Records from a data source

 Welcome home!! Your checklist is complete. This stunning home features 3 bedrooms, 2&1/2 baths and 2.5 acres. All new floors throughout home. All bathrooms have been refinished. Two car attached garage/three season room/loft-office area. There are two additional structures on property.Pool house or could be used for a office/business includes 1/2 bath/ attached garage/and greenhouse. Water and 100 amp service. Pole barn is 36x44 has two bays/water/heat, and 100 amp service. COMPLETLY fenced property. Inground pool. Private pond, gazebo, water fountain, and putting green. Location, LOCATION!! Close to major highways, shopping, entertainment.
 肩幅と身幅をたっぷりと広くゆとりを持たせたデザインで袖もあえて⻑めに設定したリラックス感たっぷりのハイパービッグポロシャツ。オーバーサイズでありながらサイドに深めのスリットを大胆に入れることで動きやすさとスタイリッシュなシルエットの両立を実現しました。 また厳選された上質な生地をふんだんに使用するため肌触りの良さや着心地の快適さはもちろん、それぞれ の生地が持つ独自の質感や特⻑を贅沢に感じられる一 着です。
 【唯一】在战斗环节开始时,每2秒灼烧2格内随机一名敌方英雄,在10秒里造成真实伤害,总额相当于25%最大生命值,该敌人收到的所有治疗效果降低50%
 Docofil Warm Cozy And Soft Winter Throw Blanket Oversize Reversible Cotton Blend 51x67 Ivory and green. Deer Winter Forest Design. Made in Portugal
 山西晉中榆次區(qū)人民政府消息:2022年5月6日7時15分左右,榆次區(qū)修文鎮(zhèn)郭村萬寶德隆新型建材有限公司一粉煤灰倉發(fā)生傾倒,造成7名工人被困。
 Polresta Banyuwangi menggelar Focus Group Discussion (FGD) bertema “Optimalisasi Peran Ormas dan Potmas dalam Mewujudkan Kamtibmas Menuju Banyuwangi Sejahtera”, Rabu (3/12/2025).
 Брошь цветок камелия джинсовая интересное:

» Work order
The whole of the data must be given again, exactly as shown.

» Written solution
 Welcome home!! Your checklist is complete. This stunning home features 3 bedrooms, 2&1/2 baths and 2.5 acres. All new floors throughout home. All bathrooms have been refinished. Two car attached garage/three season room/loft-office area. There are two additional structures on property.Pool house or could be used for a office/business includes 1/2 bath/ attached garage/and greenhouse. Water and 100 amp service. Pole barn is 36x44 has two bays/water/heat, and 100 amp service. COMPLETLY fenced property. Inground pool. Private pond, gazebo, water fountain, and putting green. Location, LOCATION!! Close to major highways, shopping, entertainment.
 肩幅と身幅をたっぷりと広くゆとりを持たせたデザインで袖もあえて⻑めに設定したリラックス感たっぷりのハイパービッグポロシャツ。オーバーサイズでありながらサイドに深めのスリットを大胆に入れることで動きやすさとスタイリッシュなシルエットの両立を実現しました。 また厳選された上質な生地をふんだんに使用するため肌触りの良さや着心地の快適さはもちろん、それぞれ の生地が持つ独自の質感や特⻑を贅沢に感じられる一 着です。
 【唯一】在战斗环节开始时,每2秒灼烧2格内随机一名敌方英雄,在10秒里造成真实伤害,总额相当于25%最大生命值,该敌人收到的所有治疗效果降低50%
 Docofil Warm Cozy And Soft Winter Throw Blanket Oversize Reversible Cotton Blend 51x67 Ivory and green. Deer Winter Forest Design. Made in Portugal
 山西晉中榆次區(qū)人民政府消息:2022年5月6日7時15分左右,榆次區(qū)修文鎮(zhèn)郭村萬寶德隆新型建材有限公司一粉煤灰倉發(fā)生傾倒,造成7名工人被困。
 Polresta Banyuwangi menggelar Focus Group Discussion (FGD) bertema “Optimalisasi Peran Ormas dan Potmas dalam Mewujudkan Kamtibmas Menuju Banyuwangi Sejahtera”, Rabu (3/12/2025).
 Брошь цветок камелия джинсовая интересное:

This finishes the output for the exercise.